Nourished by the Bread of Life

John 6: 35-40
Acts 8:1b-8 / Psa 66

I am the bread of life.
(John 6:35)

Faith puts hope in the invisible,
‘Cause the visible leads to despair.
Jesus as Bread is conceivable
In the Eucharist that we all share.

Then Jesus declared, “I am the bread of life. Whoever comes to me will never go hungry, and whoever believes in me will never be thirsty. But as I told you, you have seen me and still you do not believe.  All those the Father gives me will come to me, and whoever comes to me I will never drive away. For I have come down from heaven not to do my will but to do the will of him who sent me.  And this is the will of Him who sent me, that I shall lose none of all those He has given me, but raise them up at the last day.  For my Father’s will is that everyone who looks to the Son and believes in Him shall have eternal life, and I will raise them up at the last day.” (John 6:35-40)

Reflection

The words of our Lord confounded the Jews, who must have recalled the testimony of their ancestors during the time of Moses about the manna as the “bread from heaven” that saved the entire people of Israel from starving in the desert. (Exodus 16:4-15) So how could this son of the carpenter from Nazareth be the “bread that came down from heaven” as Jesus claimed Himself to be? This was indeed a defining moment the Jews who had been following Jesus, as it had been for the Israelites who were following Moses, and had grumbled for lack of food (and faith in Yahweh God).

Christians who question the validity of the Transubstantiation of the bread and wine into the Body and Blood of Jesus Christ in the Eucharistic celebration are like the Jews in today’s Gospel reading who could not see and believe the Bread of Life Who came down from heaven for mankind’s salvation.
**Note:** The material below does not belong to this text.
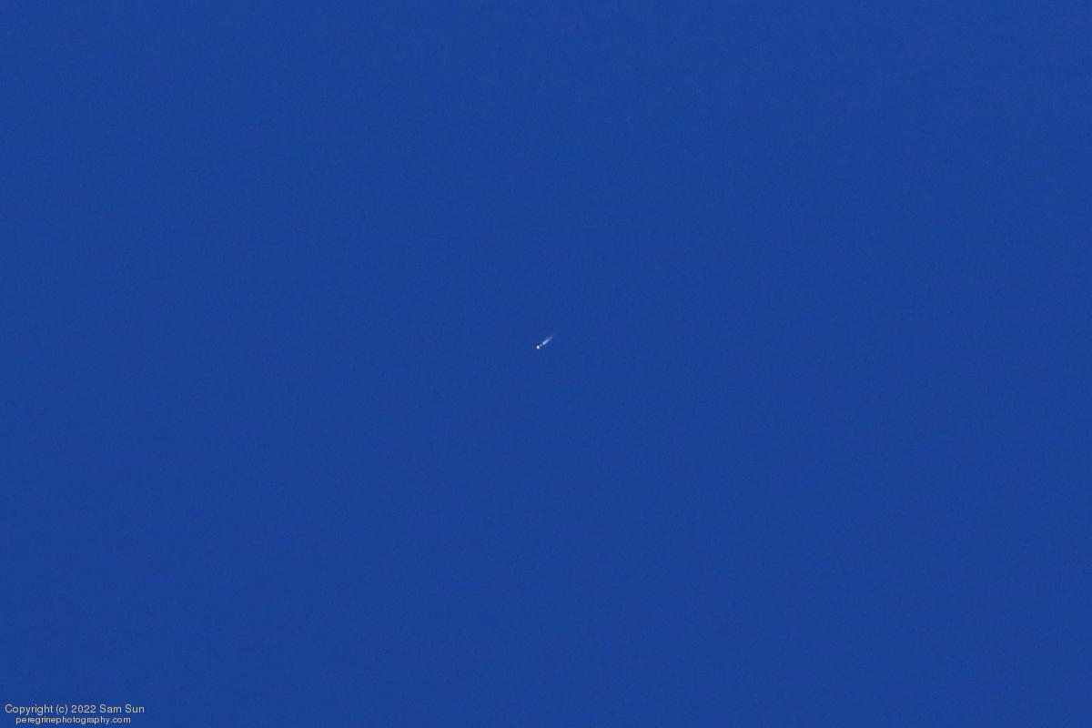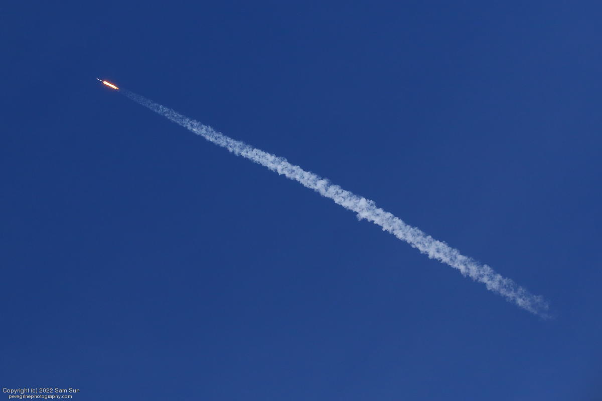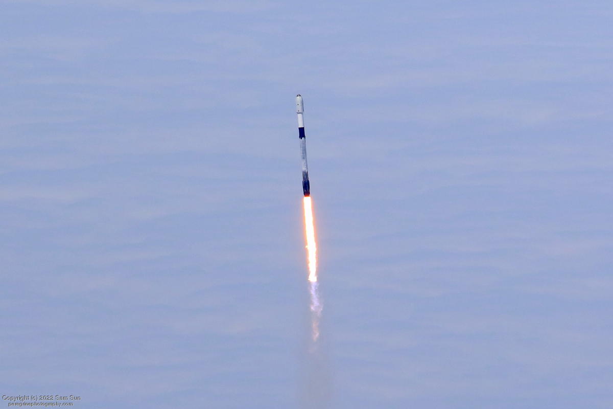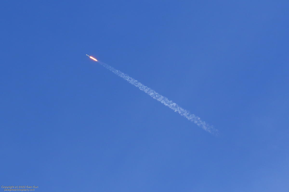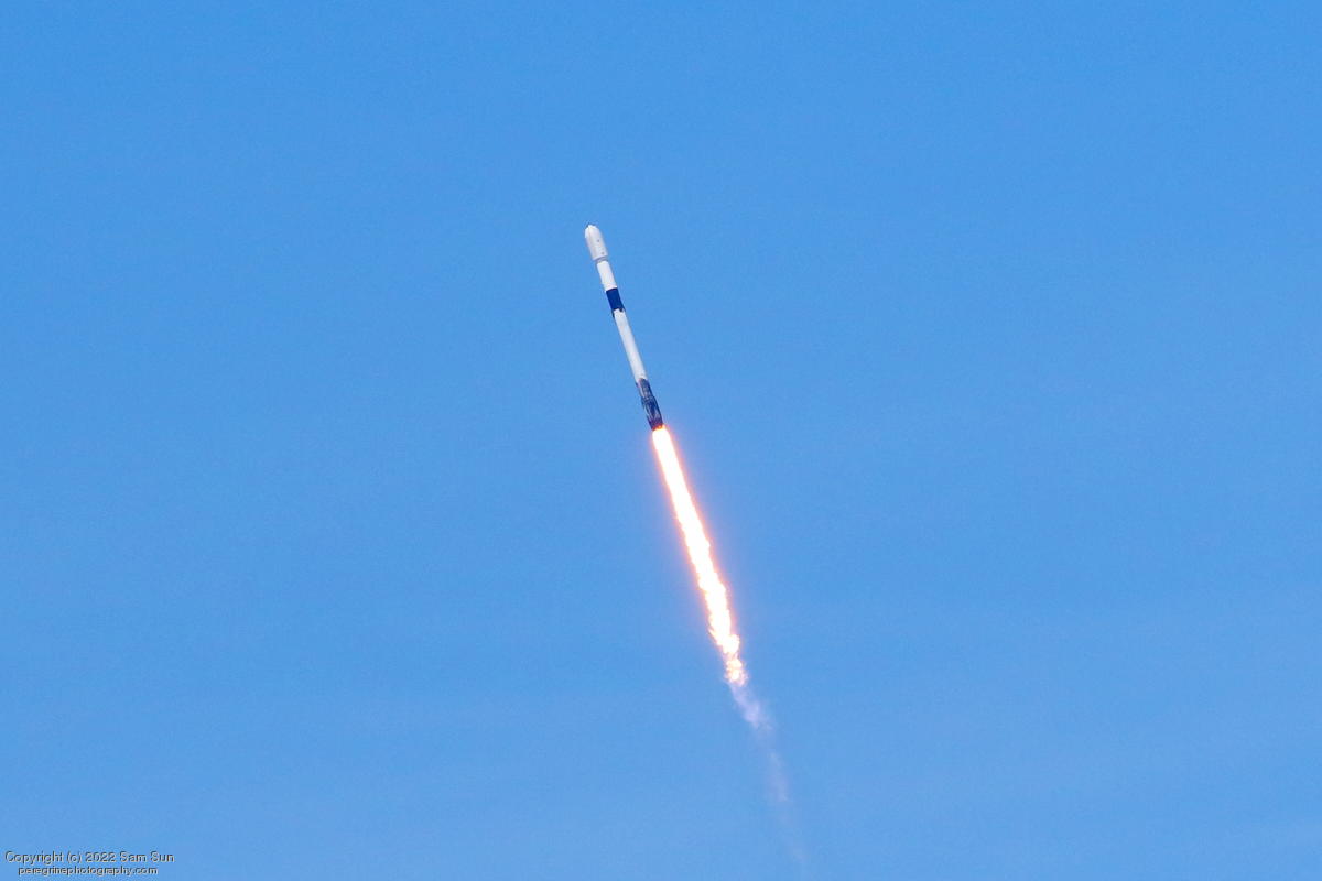 Falcon 9 launch carrying 46 Starlink satellites to a sun-synchronous orbit. View from an altitude of 8500'.

No different from some so-called exegetes who try to humanize the miracle of the multiplication of the loaves and fish (the only miracle of Jesus contained in all the four Gospels) by citing that the real miracle that happened was when all the people brought out the food that they were hiding to share with all the others. How could they be so blind that they could not recognize a miracle of God which was plain for all to see?

Jesus declared that He was the bread of life, and “whoever comes to me will never go hungry, and whoever believes in me will never be thirsty.”  The feeding of the five thousand was only a simple demonstration of Christ’s compassion for the people who were following Him.  But the greater miracle is the divine plan of nourishing the souls of all who believe in Him – that we will never go hungry in faith and in hope – He will supply these graces; we will never thirst for love – for God is love, and if we believe in Jesus as our Bread of Life, we will never lack in the love of God and neighbors. That is why it is so important to receive Jesus in the Holy Eucharist as often as we possibly can. We must keep going back to the Spring of Life to sustain our faith, and live in the blissful hope that “I shall lose none of all those He has given me, but raise them up at the last day.  For my Father’s will is that everyone who looks to the Son and believes in Him shall have eternal life, and I will raise them up at the last day.”

We believe that You are always with us, Lord, in the breaking of the bread, when we receive You in the sacrifice of the Mass. As in the time of Moses in the desert when You saved your people from starvation, as in the time when bread was miraculously multiplied to feed the multitudes who followed You in the wilderness, so it is in all masses all over the world in the present, where you nourish our hungry souls. Amen.